9. The People of the State of New York, District Court of Suffolk County, First District v. Irving PERLMAN (392 N.Y.S.2d 985) – 3/16/1977:
- Is not found guilty of speeding since the radar device was not properly externally tested before and after the setup of the radar unit.
- The police officer's estimate of the speed of defendant's vehicle as seen through his rear view mirror is insufficient corroboration to sustain a conviction for speeding on the basis of the reading of an untested device.
10. Supreme Court of Virginia, CITY OF LYNCHBURG v. Paul WHITEHEAD (195 S.E.2d 858) – 4/23/1973:
- Evidence in speeding prosecution that the uncalibrated speedometer of police car which had been used to test radar unit had been calibrated was insufficient to show speedometer was accurate.
11. Supreme Court of Minnesota, STATE of Minnesota v. David Arnold GERDES (191 N.W.2d 428) – 10/29/1971:
- Trial court could properly take judicial notice of underlying principles and reliability of properly tested and operated radar devices for determining speed of motor vehicles without requiring expert testimony concerning theory and mechanics of a particular unit but that where only means of testing accuracy of radar device with which defendant was timed was internal mechanism which was an integral part of the device, conviction could not be sustained in absence of evidence other than radar reading that defendant had been driving at speed in excess of limit.
12. Court of Appeals of Kentucky, COMMONWEALTH of Kentucky v. Erna Elijah HONEYCUTT (408 S.W.2d 421) – 12/16/1966:
- Courts will take judicial notice of fact that properly constructed and operated radar device is capable of accurately measuring speed of a motor vehicle.
- Court will not take judicial notice of the accuracy of the particular instrument employed on a specific occasion, but will treat, as sufficient evidence of accuracy, uncontested testimony that the instrument was tested within a few hours of its specific use, and found to be accurate, by use of a calibrated tuning fork and by a comparison with the speedometer of another vehicle driven through the radar field.

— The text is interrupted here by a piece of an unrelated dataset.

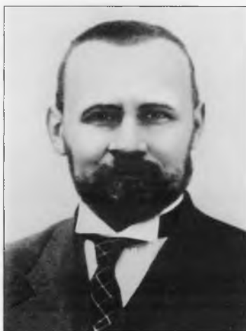
Вернадский Георгий Владимирович (1887–1973)
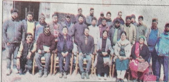
शिमला: क्षमतावर्धन कार्यक्रम के दौरान संयुक्त चित्र में किसान उत्पादन संगठन के सदस्य।

- It is sufficient to qualify the operator that he have such knowledge and training as enables him to properly set up, test, and read the instrument; it is not required that he understand the scientific principles of radar or be able to explain its internal workings; a few hours' instruction normally should be enough to qualify an operator.
13. Supreme Court of Connecticut, State of Connecticut v. Michael R. TOMANELLI (216 A.2d 625) – 2/1/1966:
- The scientific accuracy of the Dopplershift principle for measurement of speed, if principle is correctly applied, is, in the discretion of the court, a proper subject of judicial notice so that, especially where no evidence attacking it is proffered, expert testimony in explanation of principle is not necessary to preclude to introduction of police radar evidence.
- The tuning forks themselves must be shown to be accurate if they are to be accepted as valid test of accuracy of police radar instrument.
- Conviction could not be sustained on basis of a reading obtained on a radar speedometer where no test of the accuracy of the speedometer was made at the site where the speedometer was set up, or immediately preceding defendant's arrest, and where the only test of the speedometer made was at some unknown time and at some undisclosed place through the use of a tuning fork.
15. Supreme Court, Erie County, New York, PEOPLE v. OFFERMANN (204.Misc. 769) – 10/21/1953:
- Evidence which included readings from radar device used to measure speed of automobiles, was not sufficient to sustain conviction when HERESAY of during testimony of one officer taking the word of another officer about a speed reading.
16. Superior Court of Delaware, Kent County, STATE v. MOFFITT (100 A.2d 778) – 9/23/1953:
- Electronic radar speed meter, if properly functioning and properly operating, is a device that the jury may find to be a correct recorder of speed of one charged with operating an automobile at unlawful speed of rate.